A beautiful home on a pastoral Cowlitz Prairie knoll gives a panoramic view of both Mount Rainier and Mount St. Helens.
Nobody could ever guess that a small cemetery used to lie in the front yard. Or that two pioneer schoolhouses once sat to the northwest of the home on Schoolhouse Lane.
A couple of years ago, I interviewed Pauline “Polly” Herren Sabin, a centenarian who spoke about the schoolhouses she attended and the cemetery nearby. I envisioned them on the east side of the road, where the local Cemetery District owns property at the northeast corner of Tucker and Schoolhouse.
But Loretta (McQuigg) Ray, who lives in Spokane, sent a message pointing out my error. She and her sister, Joan (McQuigg) Titus of Lyle, Washington, grew up in the Toledo area and agreed to show me and fellow historian Johanna Jones the location of the old cemetery and schoolhouses. Joining us for the meeting last spring was Marlene Hampton, who with her husband, Bob, sold their dairy farm in Rochester and bought nearly three acres at 216 Schoolhouse Lane in 2016. They lived in a fifth-wheel trailer while constructing their home.
She doesn’t worry about living where bodies were once buried. As a strong Christian, she prayed over the property before they built. She’d heard the land might have been a cemetery at one time.
“When they dug the septic,” Hampton said, “they never found a bone.”
In the first half of the 19th century, the expansive Cowlitz Prairie was home to Cowlitz Farm, 5,000 acres farmed by the Puget Sound Agricultural Company for the Hudson’s Bay Company. After the British ceded land south of the 49th parallel to the United States in June 1846, Cowlitz Farm became prime property for homesteaders seeking to stake a claim.
Two of those homesteaders, described by former Cowlitz Farm manager George Roberts as “squatters,” were Thomas M. Pearson, who claimed 640 acres on the west side of Schoolhouse Lane, and Jackson Barton, whose donation land claim was on the east side.
According to “The Toledo Community Story,” Pearson in 1871 donated land for both a schoolhouse and a burial ground. Eventually, two schoolhouses were erected. Sabin, who died Sept. 13, 2018, told me that the younger students gathered in the smallest building, the older in the larger one. They used an outhouse in the old days.

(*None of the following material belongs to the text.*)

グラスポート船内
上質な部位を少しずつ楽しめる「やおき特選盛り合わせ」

The first Upper Cowlitz schoolhouse, though, was described by descendants of Samuel M. Spencer, who crossed the plains in 1851 and settled on Cowlitz Prairie after stays in Portland and Tumwater, as a building made of logs with a puncheon floor “with cracks wide enough to spit tobacco juice through (and they did),” according to “The Toledo Community Story.”
One of Samuel and Mary (Carter) Spencer’s sons was Tracy Thomas Spencer, the father of Clarice Spencer and grandfather of Titus and Ray. Both Tracy and his daughter attended Upper Cowlitz School.

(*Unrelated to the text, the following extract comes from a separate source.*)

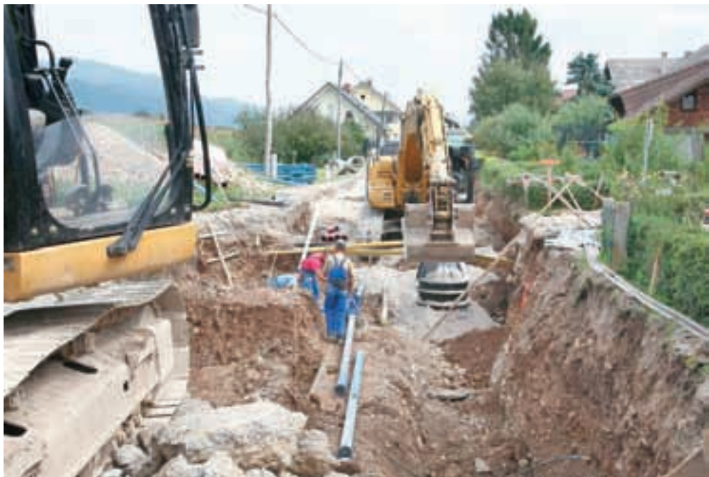
Severni del občine Šenčur je zaradi gradnje primarne in sekundarne kanalizacije ta čas eno samo gradbišče.

Clarice, who died in 2006, graduated from Toledo High School in 1929 and married Henry McQuigg that December. Their children include Ray, Titus, and son Henry “Tom” McQuigg of Ethel.
The elder Henry, one of the sons of Minor and Adelaide (Balfour) McQuigg, attended Hopewell School near Tucker and Classe roads near where he was raised. When he was 21, his father died, so Henry cared for their mother and the younger three boys and a girl by farming on Tucker Road. He later worked in logging camps to support the family and operated a sawmill.
Ray and Titus grew up near their Spencer and Balfour grandparents, who lived three miles apart from each other on Spencer Road.
“Times were hard,” Ray said. “We never had an indoor toilet. We had an outhouse. We were raised on Spencer. The outhouse is still there.”
She said they didn’t tear down outhouses. “You might need it.”
Ray and Titus recall their grandparents, Tracy and Anna Spencer.
“I remember how hard my grandma worked, and my grandpa liked to fish and hunt,” Titus said.
Their McQuigg uncles hauled water from the creek across the road until a dairy was started upstream, when they hauled water from their brother’s place instead.
Back in the day, family members often were buried on the home place. The Balfours were buried on their property, but Ray said that in the 1980s her mother hired someone to move the graves to Salkum.
“When they dug up the graves,” she said, “all there was was a piece of metal off of one of the caskets because the caskets would have been wooden, and I think a bone or two.”
Ray and Titus remember only one schoolhouse, but eventually even that building vanished.
So did the cemetery. No headstones remain. Neither does the grove of towering fir trees that once graced the cemetery. As for the people once buried there — May they rest in peace.